Updated documentation

ZappaBoy · ZappaBoy · commit 807894942610 · 2024-10-27T09:01:54.000+01:00
diff --git a/README.md b/README.md
@@ -1,12 +1,29 @@
-# neural-wave-hackathon
-This repository contains the code for the Neural Wave Hackathon.
+# Neural Wave - Hackathon 2024 - Lugano
 
-## Create a `.env` file. Start copying the `.env.example` file and rename it to `.env`. Fill in the required values.
+This repository contains the code produced by the `Molise.ai` team in the Neural Wave Hackathon 2024 competition in
+Lugano.
+
+## Challenge
+
+Here is a brief explanation of the challenge:
+The challenge was proposed by **Ai4Privacy**,a company that builds global solutions that enhance **privacy protections**
+in the rapidly evolving world of **Artificial Intelligence**.

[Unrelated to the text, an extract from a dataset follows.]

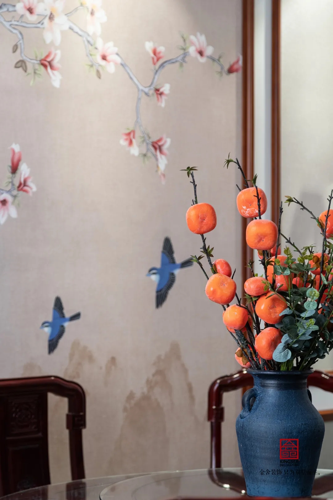 餐廳的圓形餐桌與方形吊頂相呼應(yīng),完美的嵌入了“方圓之間”的東方生活美學(xué)。既保留了原有頂面的高度又合理的劃分了空間,讓空間看起來更寬敞。餐廳背景墻的工筆花鳥更是提高了整個空間的靈動感,似在平淡的生活增加一份閑趣,讓家人在一飲一品之間感受生活的幸福。
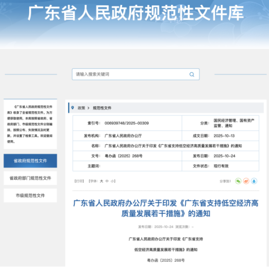 10月24日,廣東省人民政府辦公廳印發《廣東省支持低空經濟高質量發展若干措施》的通知,提出了16條具體舉措,打造全國領先的低空經濟產業發展高地。

+The challenge goal is to create a machine learning model capable of detecting and masking **PII** (Personal Identifiable
+Information) in text data across several languages and locales. The task requires working with a synthetic dataset to
+train models that can automatically identify and redact **17 types of PII** in natural language texts. The solution
+should aim for high accuracy while maintaining the **usability** of the underlying data.
+The final solution could be integrated into various systems and enhance privacy protections across industries,
+including client support, legal, and general data anonymization tools. Success in this project will contribute to
+scaling privacy-conscious AI systems without compromising the UX or operational performance.
+
+## Getting Started
+Create a `.env` file. Start copying the `.env.example` file and rename it to `.env`. Fill in the required values.
 ```bash
 cp .env.example .env
 ```
 
-## Install the dependencies
+### Install the dependencies
+
 ```bash
 pip install -r requirements.txt
 ```
@@ -20,30 +37,105 @@ export PYTHONPATH="${PYTHONPATH}:$PWD"
 ## Inference
 
 ### Inference on full dataset
+
+You can run inference on the complete test dataset using the following command:
+
 ```bash
 python inference.py -s ./dataset/test
 ```
 
 ### Inference on small dataset
+
+To perform inference on a small subset of the dataset, use the --subsample flag:
+
 ```bash
 python inference.py -s ./dataset/test --subsample
 ```
 
 ## Run ui
+
+To run the UI for interacting with the models and viewing results, use Streamlit:
+
 ```bash
 streamlit run ui.py
 ```
 
 ## Run api
+
+To start the API for the model, you'll need FastAPI. Run the following command:
+
 ```bash
 fastapi run api.py
 ```
 
 ## Experiments
 
-There are basically two macro types of experiments, both consists in pre-train models.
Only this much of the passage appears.